Recently I started writing about functional programing in Javascript by talking about what a functor is. Essentialy a functor is:
An object with a map method that can be applied to the values it contains
In this post I used the identity functor as an example because it is extremely simple but I wanted to write about a more practical functor, the maybe.
Maybe?
So isn't one of the beautiful things about functional programming that it is deterministic? Why would we need something called a maybe
? It sounds very unsure of itself. Well the fact that FP is deterministic refers to the fact that for a given input a function has only one output. But we can't guarantee what the input is! Looking back at the Identity
functor and the map
that I used in the last post, this code makes sense and is being used as intended:
const divBy2 = (num) => num/2;
map(divBy2, map(divBy2, Identity(8))); // Gives us 2
But what happens when instead I try and map inc
over a string?
map(divBy2, map(divBy2, Identity('It blows up!'))); //NaN
In this case would we get a program crashing error, no. But how many times have you had to rewrite the logic to check if a value was defined before operating on it? Probably plenty. And certainly we have all run have all seen undefined is not a function
at one point in time. Well that's what Maybe
solves for us. Maybe is a built in validity check. Let's look.

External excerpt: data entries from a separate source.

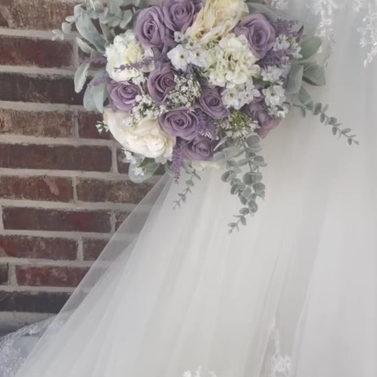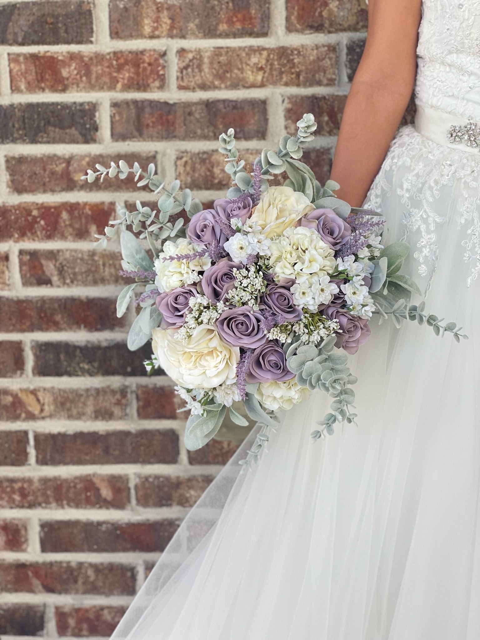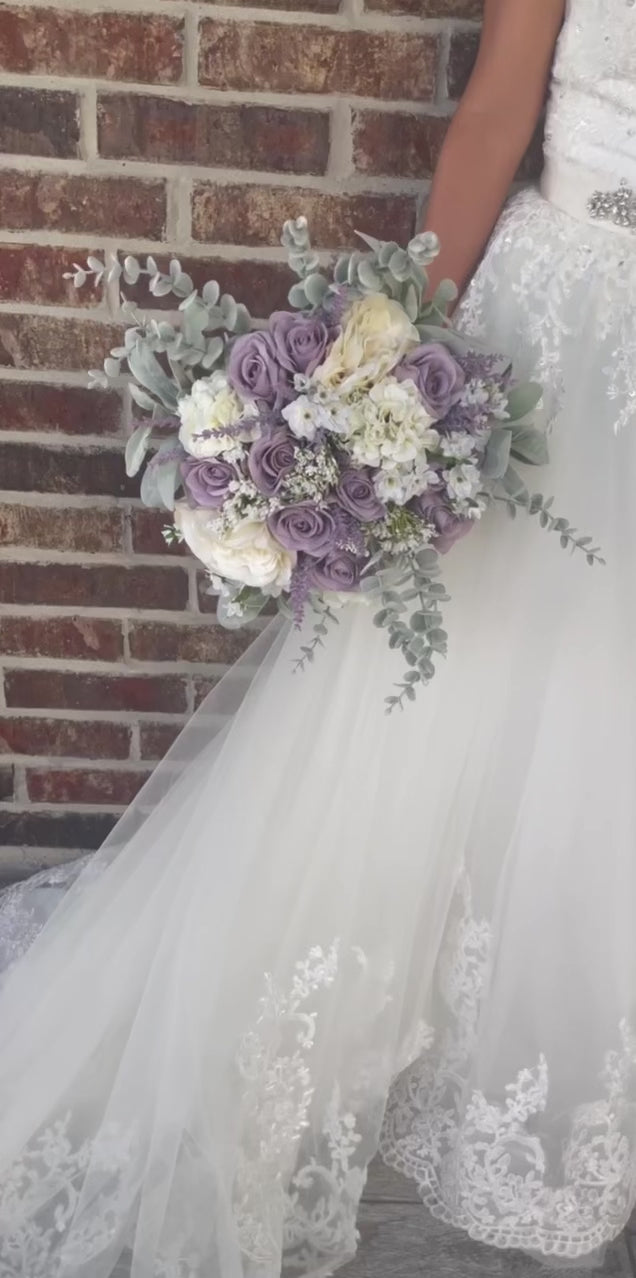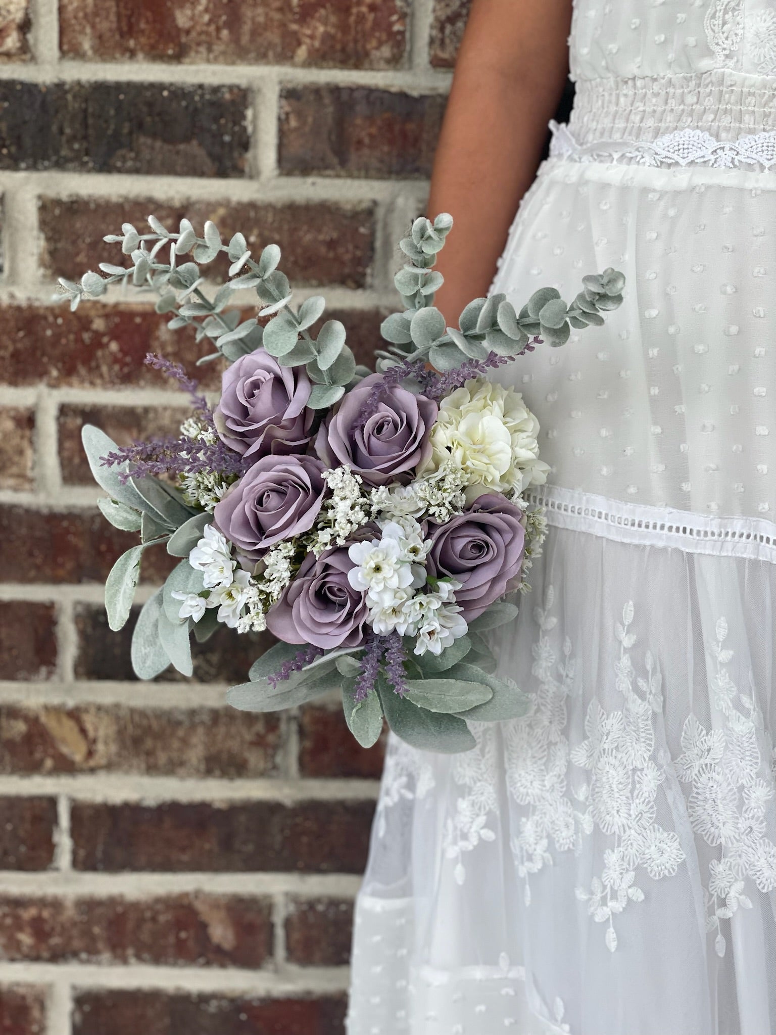 This Boho style bouquet is made with multiple greenery bushes, light purple roses, cream carnations, ivory hydrangeas and baby's breath wrapped with ivory lace. It'll stand out perfectly in your pictures and give a beautiful romantic look inspired by nature and the outdoors.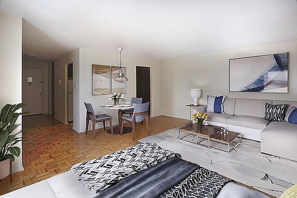 Low floor studio apartment with classic kitchen, ample storage space, private dressing area, and northerly views to the river and city. 497 sq ft. Available now. Currently offering one month free. The rent shown is the Net Effective Rent, with 1 month free on a 12 month lease, given at the beginning of Lease. Tenant will pay the Gross Rent for the remaining months. Two-acred landscaped plaza w/ river and city views, year-round activities schedule, playgrounds, on-site preschool, free Wi-Fi, sundeck, restaurant/lounge on site, groceries, banking, dry cleaning, shopping on-site
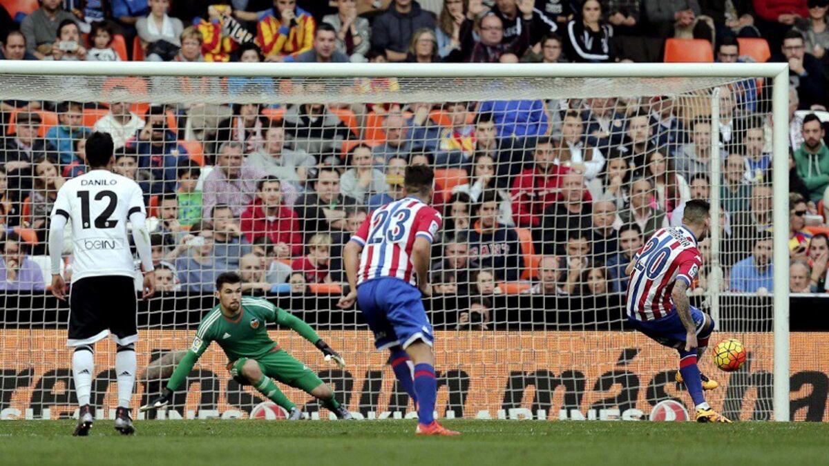 El inició del partido desmintió el desenlace final. El Valencia se propuso no dar opciones al Sporting, sometido a la intensidad del conjunto che comprometido, superior en todas las facetas del juego al equipo asturiano, con el recuperado Feghouli tras dos meses de ausencia por lesión y Piatti percutiendo por las bandas. Cuestionado su rendimiento hasta la fecha, pretendido por varios equipos en el mercado invernal, el extremo argentino, activo durante el primer acto sustituido al poco de comenzar el segundo, tuvo la ocasión al cuarto de hora de poner en ventaja al Valencia tras un disparo interceptado por Cuéllar tras una acción de André Gomes. Anteriormente la gozó Negredo asistido también por el portugués. Al delantero vallecano, de nuevo capitán, le sigue faltando chispa y velocidad para dar lustre a sus buenos movimientos y alcanzar los remates.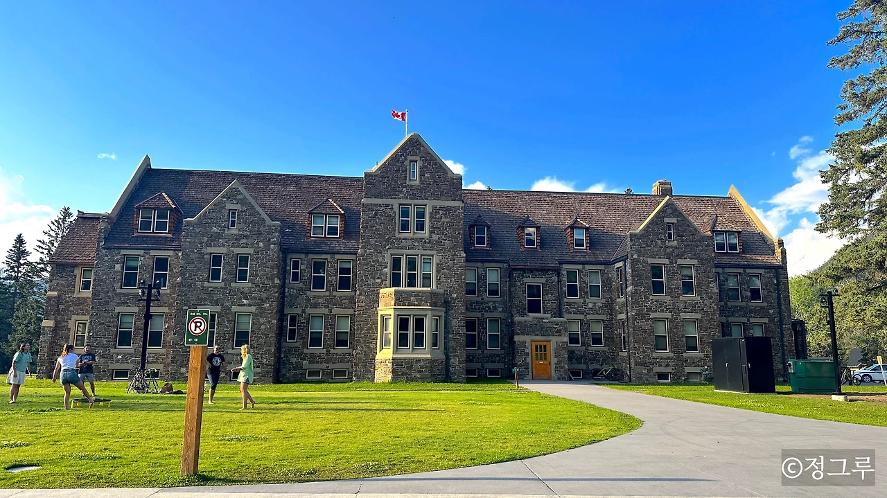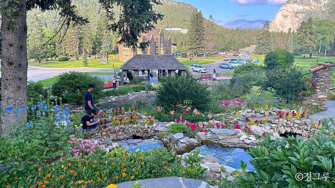 앞서 두 군데는 밴프 다운타운에서 5~10분 정도 떨어져 있다. 이제 다시 다운타운으로 돌아왔다. 아름다운 건물과 정원을 구경할 수 있는 곳. 알고 보니 그 건물이 공무원들의 건물(연방정부 사무소)이라던데.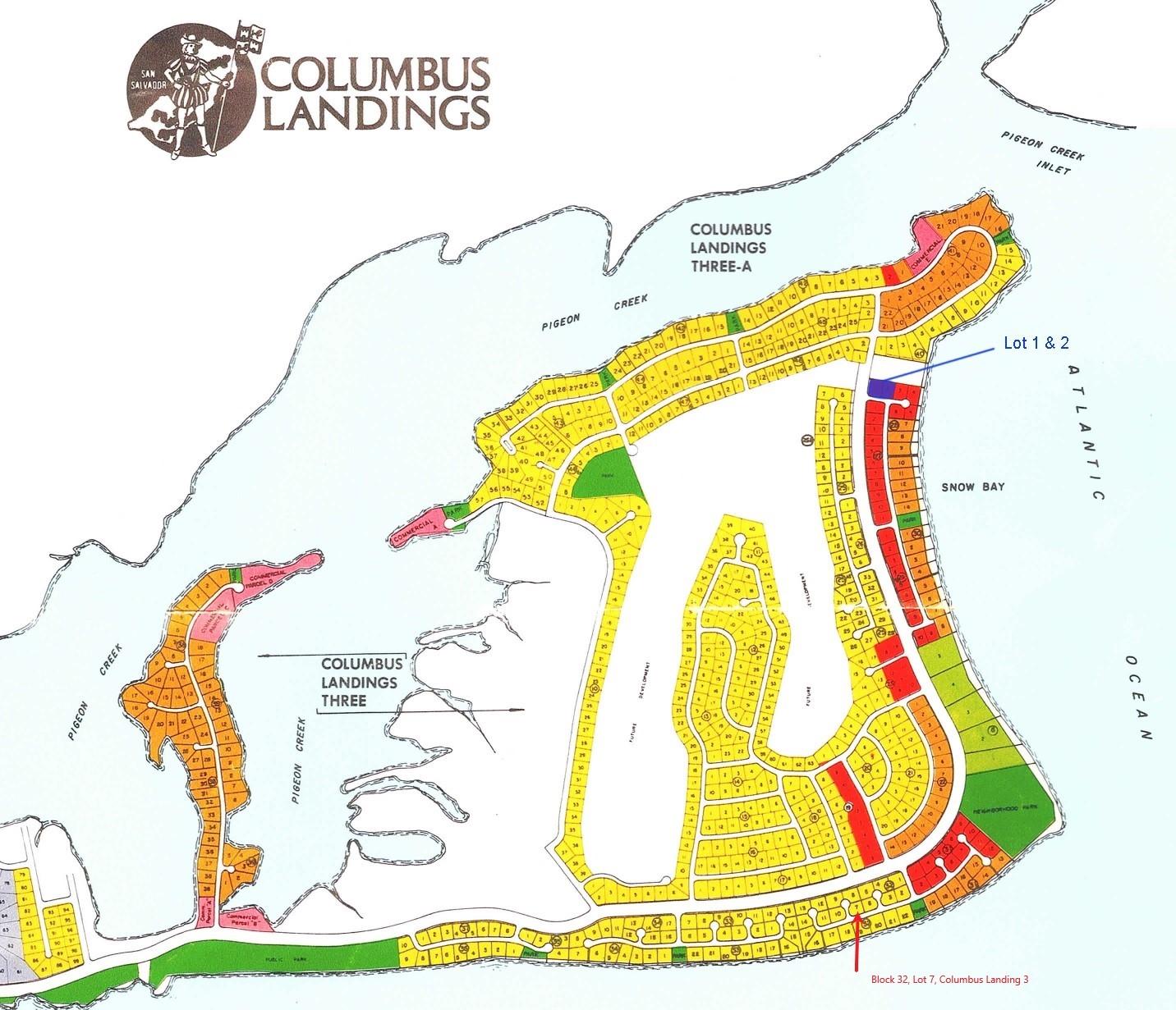 This affordable ocean view lot is located in Columbus Landings #3, near Pigeon Creek and Snow Bay, on the beautiful island of San Salvador â the easternmost island in the Bahamas. Itâs just a 45-minute flight from Nassau via Bahamas Air. Snow Bay is approximately a 40 to 45-minute drive from Cockburn Town, where you'll find the airport, hotels, bank, grocery stores, gas station, bars, and marinas.
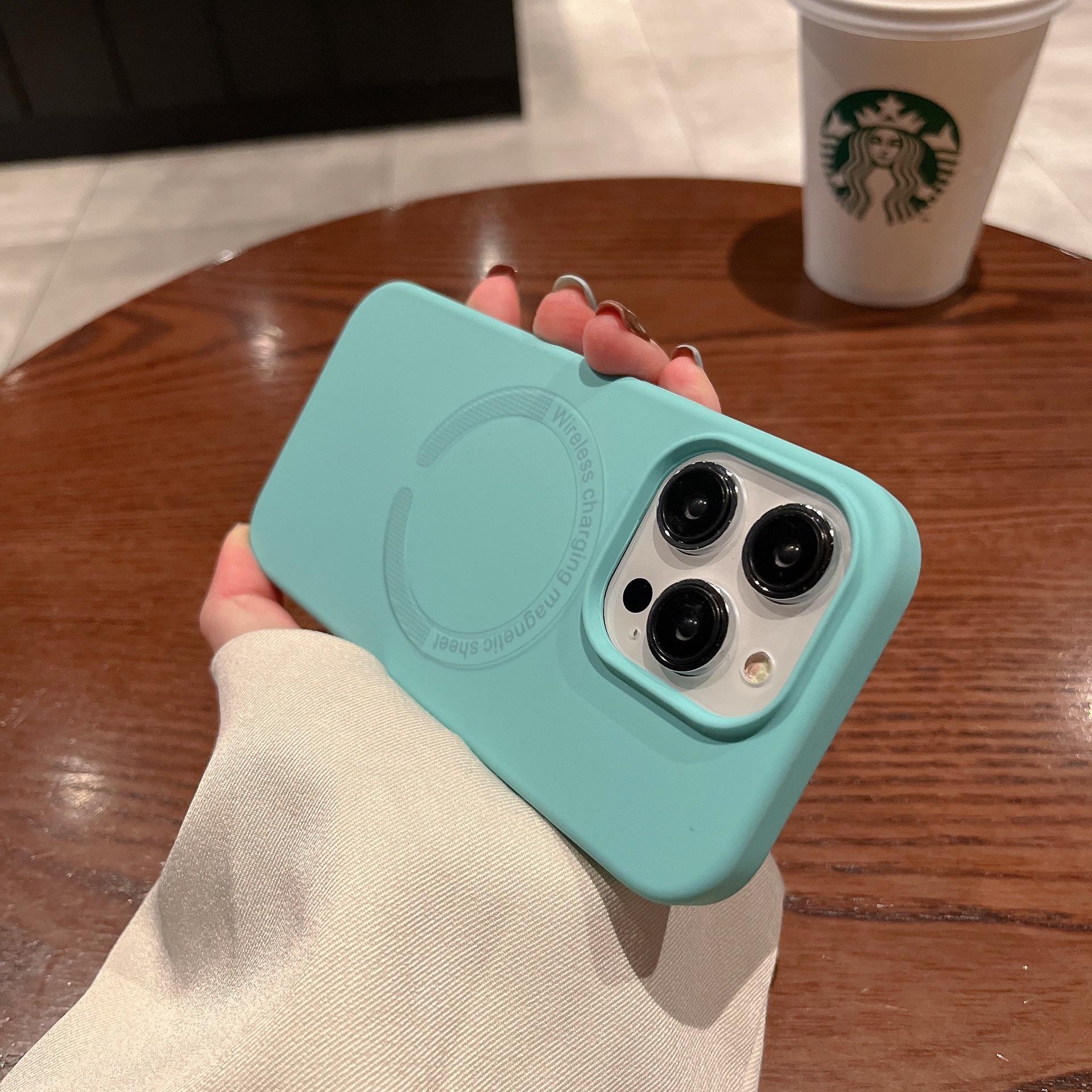 Funda de silicona líquida para iPhone 15, funda oficial Magsafe con ventosa magnética resistente a caídas para Apple 14Pro.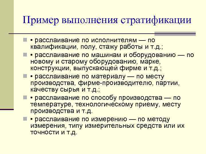 Пример выполнения стратификации n • расслаивание по исполнителям — по n n квалификации, полу, стажу работы и т. д. ; • расслаивание по машинам и оборудованию — по новому и старому оборудованию, марке, конструкции, выпускающей фирме и т. д. ; • расслаивание по материалу — по месту производства, фирме производителю, партии, качеству сырья и т. д. ; • расслаивание по способу производства — по температуре, технологическому приему, месту производства и т. д. • расслаивание по измерению — по методу измерения, типу измерительных средств или их точности и т. д.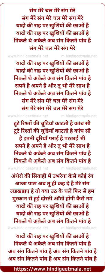 Lyrics of Sang Mere Chal - संग मेरे चल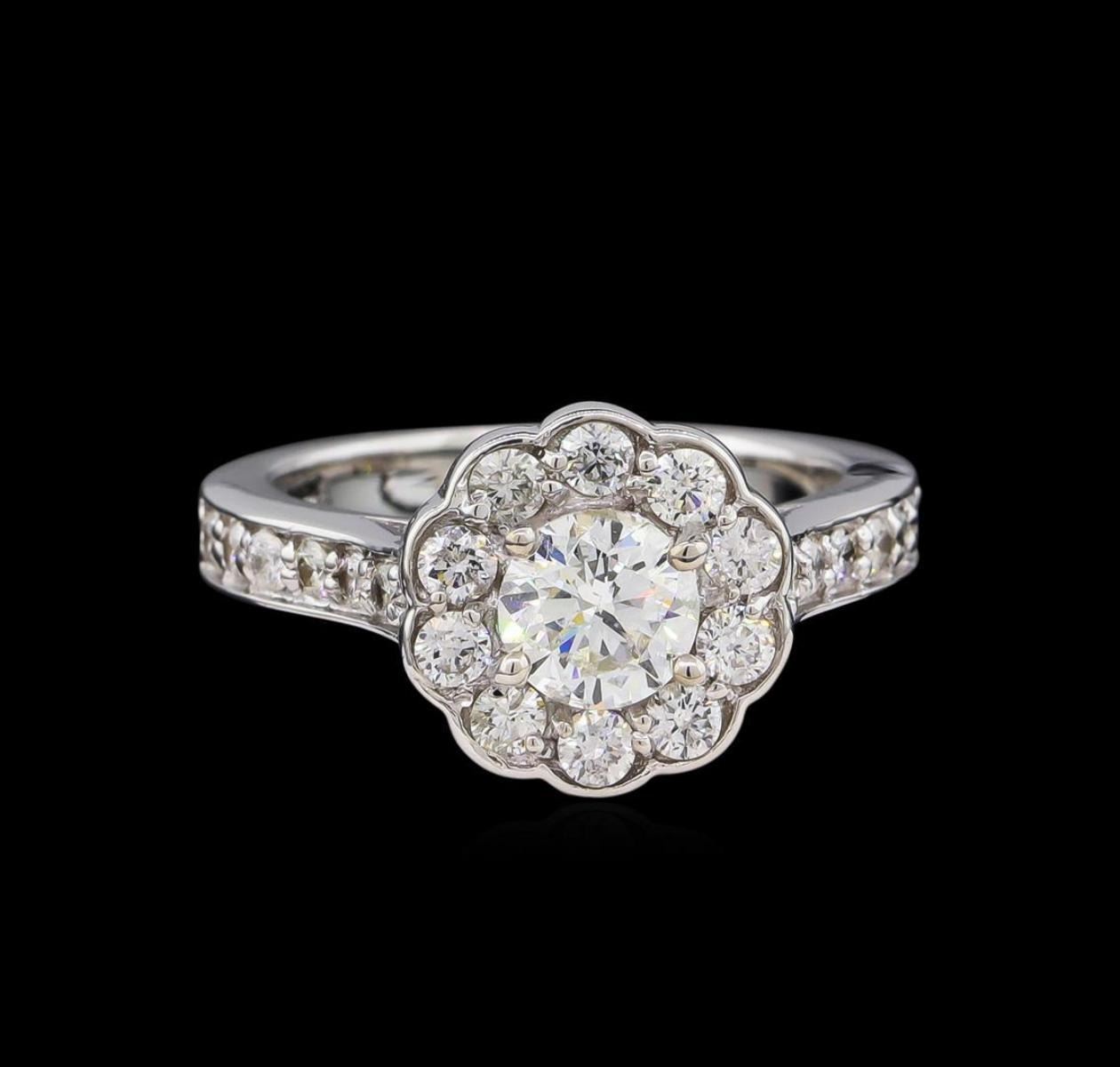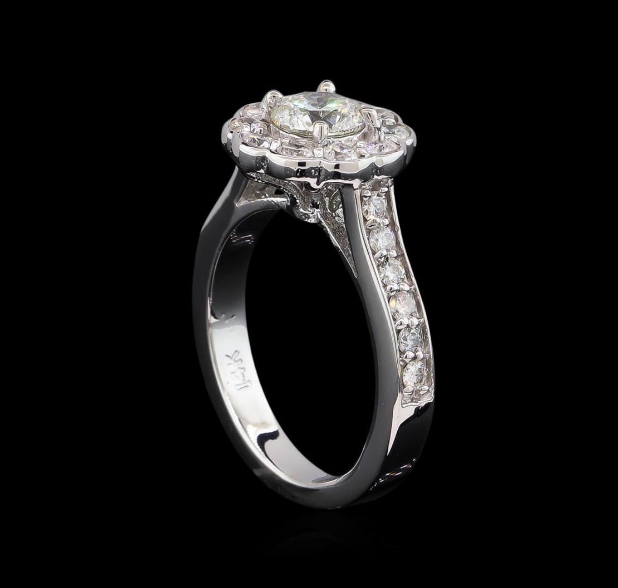 One electronically tested 14KT white gold lady's cast wedding ring with a scalloped halo with a bright polish finish. The featured lady's ring has a shank measuring 2.91 millimeters wide. Identified with markings of "14K". Condition is new, good workmanship. Containing: One prong set round brilliant cut diamond, measuring 5.98 - 5.95 x 3.65mm (depth est.) , 5.00.%. GTCF approximate weight of 0.85ct. Graded in the setting. Clarity: SI-2. Color: Very Good Ten prong set round brilliant cut diamonds, measuring 2.40 - 2.30 x 1.46mm (depth est.) approximate total weight of 10 Stones = 0.50ct. Graded in the setting. Clarity: SI-1 to SI-2. Color: G - Good Twelve prong set round brilliant cut diamonds, measuring 1.90 - 1.80 x 1.15mm (depth est.) approximate total weight of 12 Stones = 0.30ct. Graded in the setting. Clarity: SI-2 to I-1. Color: G - Good. Total Weight of Diamonds 1.65ct. Total Weight of Ring 6.30gm GAS Appraised.

const _Maybe = function(val) {
this.val = val;
}
const Maybe = (val) => new _Maybe(val);
We can set it up and wrap it in a convenient constructor exactly like we did with the identity function. The difference comes from the implementation of map
which Maybe
has.
_Maybe.prototype.map = function(fn) {
return this.val ? Maybe(fn(this.val)) : Maybe(null);
}
This particular implementation just checks that this.val
for is truthy but we could have it use whatever we wanted for the Maybe
. The point is that when we use map
on a maybe it now automatically checks for a valid value on the object and then either applies the function or returns us a null
Maybe
! So now when we try and do something that might actually blow up with an invalid value our program has a way to catch this gracefully and continue.